В 1904 году зимой Мария Григорьевна с сыном приезжает в Петербург с мыслью поселиться в столице, чтобы дать Сереже систематическое образование. Она встретилась с Глазуновым, чтобы он-то давал уроки ее сыну, но Александр Константинович убедил ее, что Сереже надо поступать в консерваторию: «Именно в консерватории талант его получит полное развитие, и есть все шансы, что из него выйдет настоящий артист».
Осенью 1904 года тринадцатилетний Сережа Прокофьев пришел на экзамен, главный экзамен по специальной теории, с двумя папками (в одной - все сочинения этого года, в другой - сочинения других годов), еще снаружи переплетенная тетрадь (не уложилась в папку) с двадцатью песенками.
«Меня спросил Римский-Корсаков:
- Это - ваши сочинения?
- Да, - отвечал я».
Затем он сыграл на рояле сонату Моцарта, при этом Римский-Корсаков открывал разные страницы... Со слухом тоже тотчас выяснилось - абсолютный. Приемная комиссия во главе с директором пожелала ознакомиться с сочинениями. Под списком сочинений, чему засмеялся Римский-Корсаков, лежала партитура «Ундины». Ее он передал комиссии. Было сказано, чтоб он сыграл «Ундину», да и пел.
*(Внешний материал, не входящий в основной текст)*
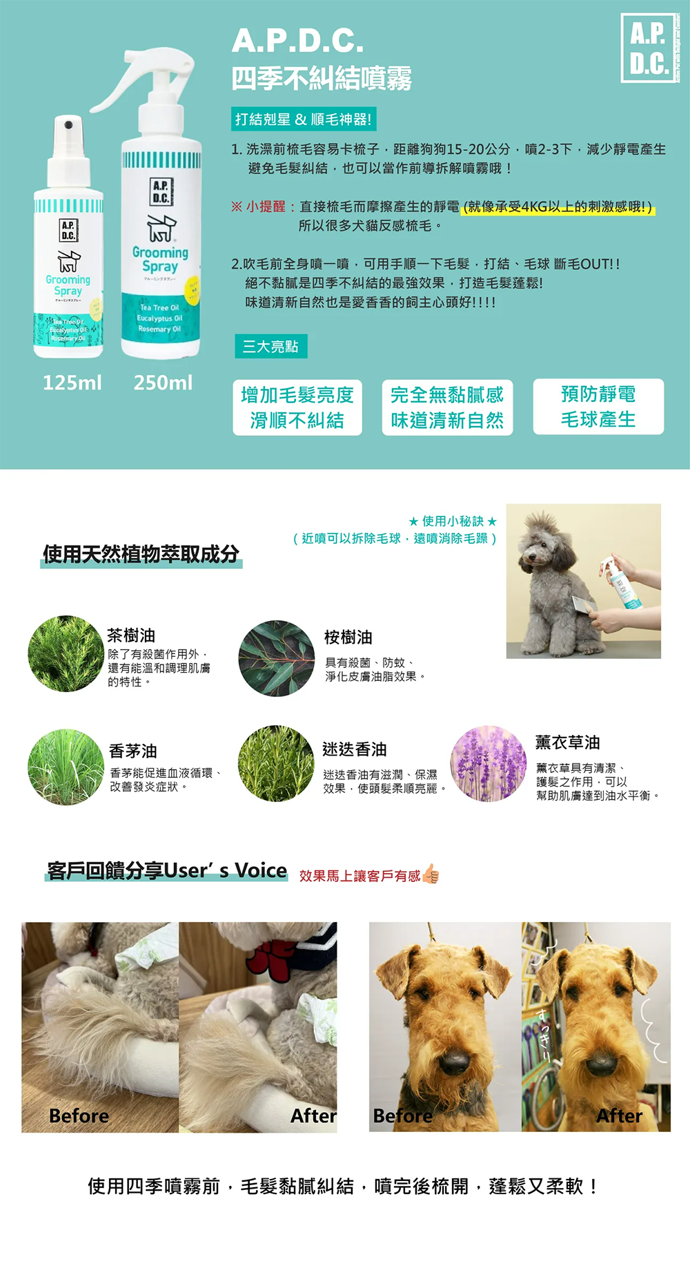 | 使用說明 | <洗澡前當前導拆解噴霧,洗澡後可當順毛噴霧> 梳毛前,距離狗狗15-20公分,均勻噴灑於全身(避免噴至眼睛),使用適合的梳具梳理毛髮整至柔順,可減少靜電產生、避免毛髮糾結,冬天穿衣前噴,減少打結,非常實用。 小提醒:直接梳毛而摩擦產生的靜電(就像承受4KG以上的刺激感哦!),所以很多寶貝反感梳毛。 |

« - Ну как же будет он петь! - сказал Римский-Корсаков.
- Нет, он поет свои сочинения очень хорошо, - сказал Глазунов, которому я зимой пел «Пир во время чумы».
Я стал играть по черновику. Рядом стоял Римский-Корсаков и перевертывал мне страницы».
Экзаменующихся было человек двадцать, среди них один уже имел детей, и мальчик, выросший на степном приволье и мире музыки, вундеркинд по ранней гениальности и характеру, решительный, дерзкий, жизнерадостный, как Моцарт, как Пушкин, и таким останется до конца жизни, один из ярчайших представителей Ренессанса в музыке.